I haven’t dared cook with mine yet – I have to wait until the kids aren’t going to be eating too.


  1. Sounds great, Owen. What made you think to put the ginger in it? I’m curious to hear what it does for the flavor/aroma.

  2. Perhaps I can answer part of this question. Ginger, like garlic and other species of root veggies is naturally pungent. Meaning that the temp required to make the scent go airborne is at or near room temp. What this does in sauces, soups and other dishes is:

    1. Spreads the flavor to the other parts of your tasting palette and,

    2. Brings your scent receptors into the tasting experiance. You may notice how wine folks will smell the wine right before it’s tasted.

    Hot Sauces and Seasonings are my domain. I am more than happy to share what I know about the ingredients.


    Thomas Burbridge
    E.VP, General Manager, Head Chef
    Paper Chef Enterant
    Taste The Heat, Inc.

  3. Greetings Owen,

    and I had you pegged as an Austrailian…

    My venture into peppers began in 1996 for medincinal reasons. A few things about these peppers.

    Caynne and Chile d’Arbol peppers, are members of the capsicum annuum family has a heat range from 30 to 60,000 heat scoville heat units. The actual heat of the pepper depends on how the plant is grown, when the pod was harvested and how the meal was prepared.

    The main difference between the two peppers is how they interact with the palette.

    Whether it was by luck or design (I tend to think the later after seeing the recipe), combining both peppers would make for a pretty good late cooking or mixing base sauce for a number of dishes.

    To put 50,000 Scoville heat units into perspective, your average jalapeno pepper ranges from 2,000 to 8,500 heat units.

    Tabasco brand ranges from 40,000 to 80,000 heat units.

    Owens recipe would appear to be hotter due to the variety of ingredients especially, the ginger.

  4. All has been said regarding the -heat units-, and ingredients, so I won’t go there 🙂

    Althou I prefer raw/fresh hot sauces for a variety of reasons, I do continue to experiment and develop new sauces from dry peppers. Since we have access to a great quality and different varieties of peppers, I prefer to dehidrate them in our kitchen.

    Have been planning to post on hot sauce,…but havent gotten around to cmplete the reaserch. Will do soon. Hugs!

  5. Wow! Thanks for the erudite comments Thomas. The ginger was added because I felt it would make the flavor richer, but know I also know WHY!

    I’m a big fan of hot sauces and have always wanted to start making my own – that’s one of the reasons I kept planting peppers…

    I did mix the two kinds deliberately, Thomas.

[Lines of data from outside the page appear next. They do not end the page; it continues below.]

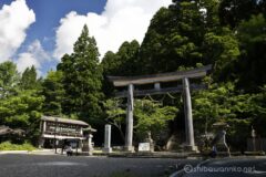 08:30 県道36号線に戻り少し走って、戸隠のもう一つのメインである戸隠神社にお立ち寄り。さすがパワースポット。大鳥居や社が厳かだ。観光客は少なくどことなくひっそりと静か。ご神木が大きい。樹齢800年とある。夏雲湧く戸隠神社を撮って後にする。
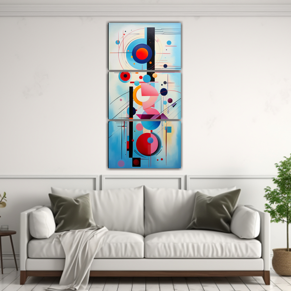 Renueva tu hogar con estos tres lienzos de tela creativa simétricos de inspiración Kandinsky Aporta un toque contemporáneo y colorido a tus espacios Ideal para salas, dormitorios o áreas de trabajo ¡Compra ahora y disfruta de la mejor calidad!
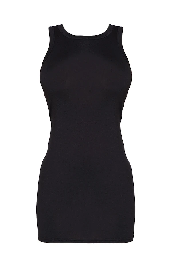 Trop flatteuse cette robe noire à dos nageur, les bombes. Elle est super facile à porter avec une paire de baskets, des boucles d’oreilles XXL et une veste oversize. Le look est bombesque.

    I also realise that this isn’t as hot to my taste as I originally thought – I must have had a fair amount of oil on my hands from removing the stems from the dried peppers.

    I tried the sauce yesterday in a very late supper to perk up leftover turkey, leftover noodles and leftover roasted vegetables – I used a quarter teaspoon and stirred it into the noodles and it perked the whole meal up nicely.

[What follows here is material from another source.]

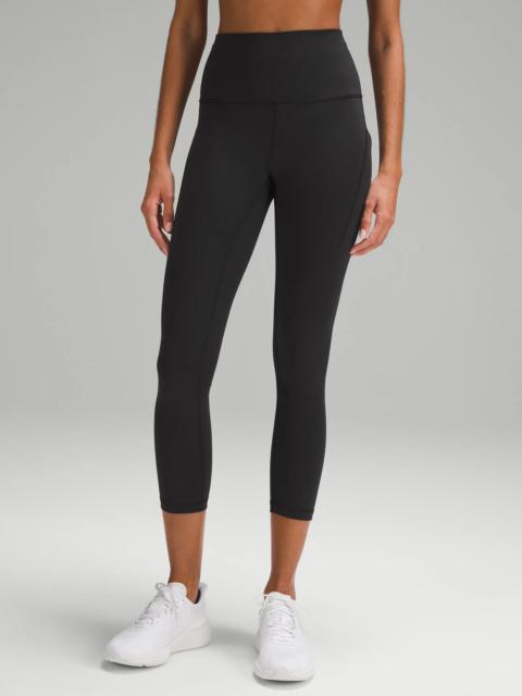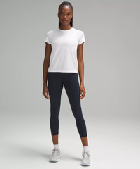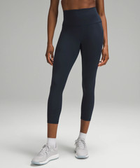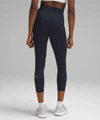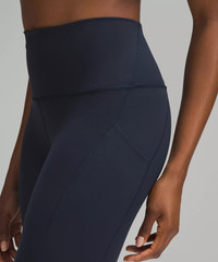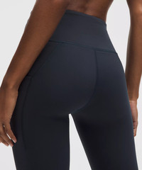 Our Fastest-Drying, Everlux Fabric Our fastest-drying fabric Breathable Sweat-wicking Four-way stretch Supportive Feels cool and sleek on the inside, soft and brushed on the outside Added Lycra® fibre for stretch and shape retention High Rise, 23" Length Intended to sit below calf Product Features Side drop-in pockets Back drop-in pocket Waistband drawcord keeps your leggings in place so you don’t have to pull them up Care Wash with like colours Machine wash cold Do not bleach Tumble dry low Do not iron Do not dry clean Imported

  6. So if I understand you, Owen, it was more for depth of flavor than aroma, right? My sense is that the aromatic qualities of the ginger would be masked by all that pepper on the nose, but it might lighten up the sauce a bit.

    I just thought it was a really interesting choice, well done, sir!

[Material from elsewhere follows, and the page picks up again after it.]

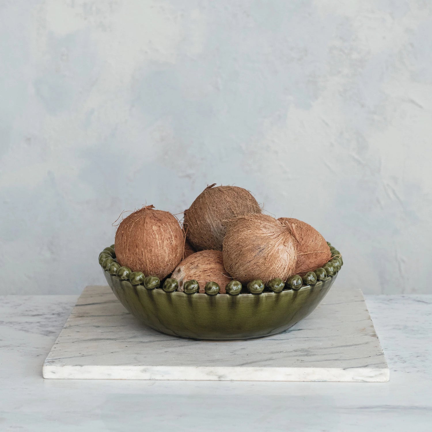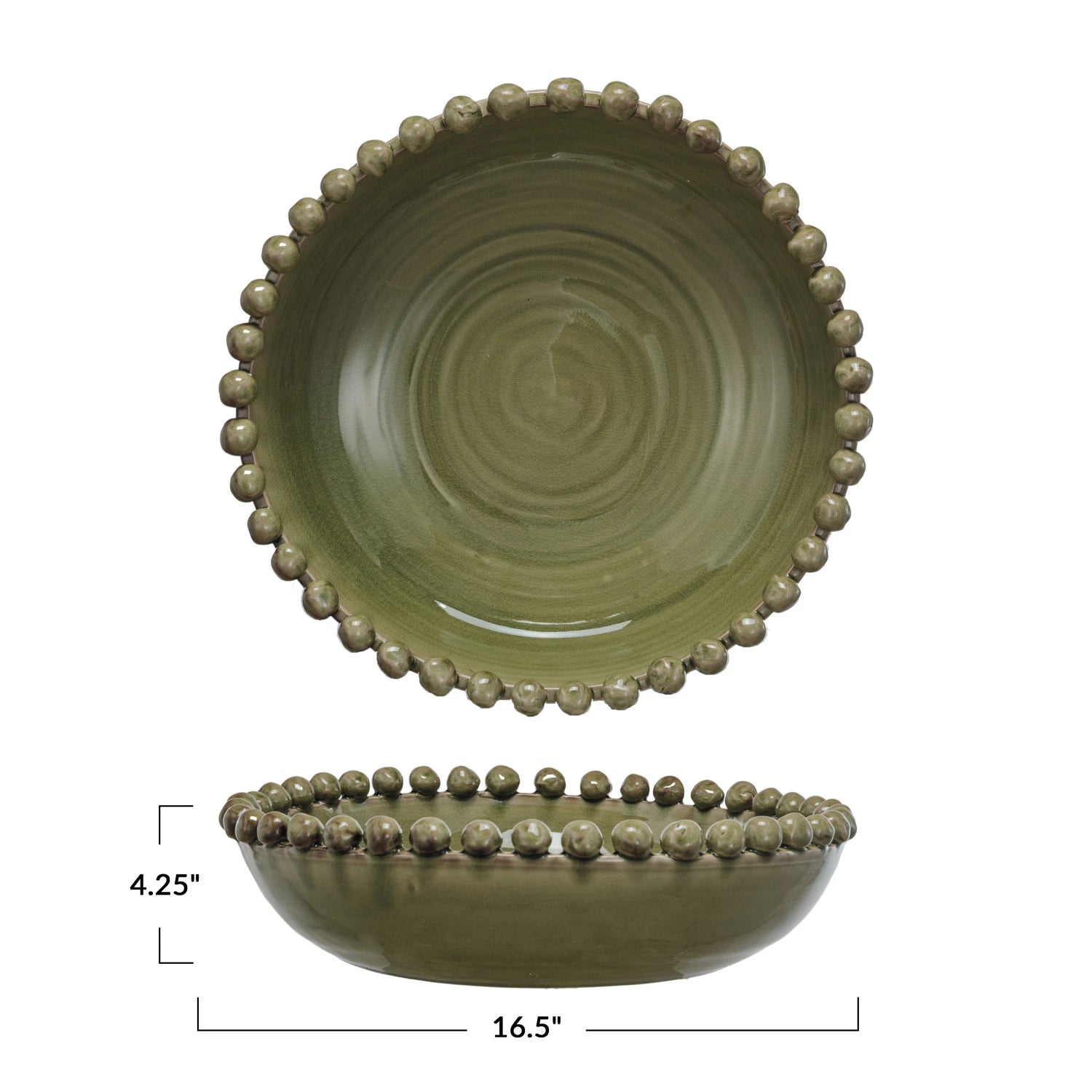 This Round Decorative Handmade Terra-cotta Bowl with Hobnail Edge is a versatile and striking addition to any home. The reactive glaze in green gives each bowl a one-of-a-kind look, ensuring that no two are exactly alike. It measures 16.5 inches in diameter and 4.25 inches in height, making it a statement piece for any room. While it's not designed to hold water, this bowl is perfect for displaying fruits, decorative balls, or simply as a stand-alone piece of art. Its generous size and distinctive style make it a focal point in any setting.

  7. I have to admit I wasn’t thinking about the aroma so much as the taste – particularly the lingering part of the taste. I particularly like hot sauces with long/lingering heat. The aroma is clearly more chilli/garlic than anything else. The taste is very good – lots of depth – and the heat hits hard pretty quickly and stays around.

    By the way, all that stuff made about a cup and a half of a very thick sauce. I may thin it further with more lemon juice.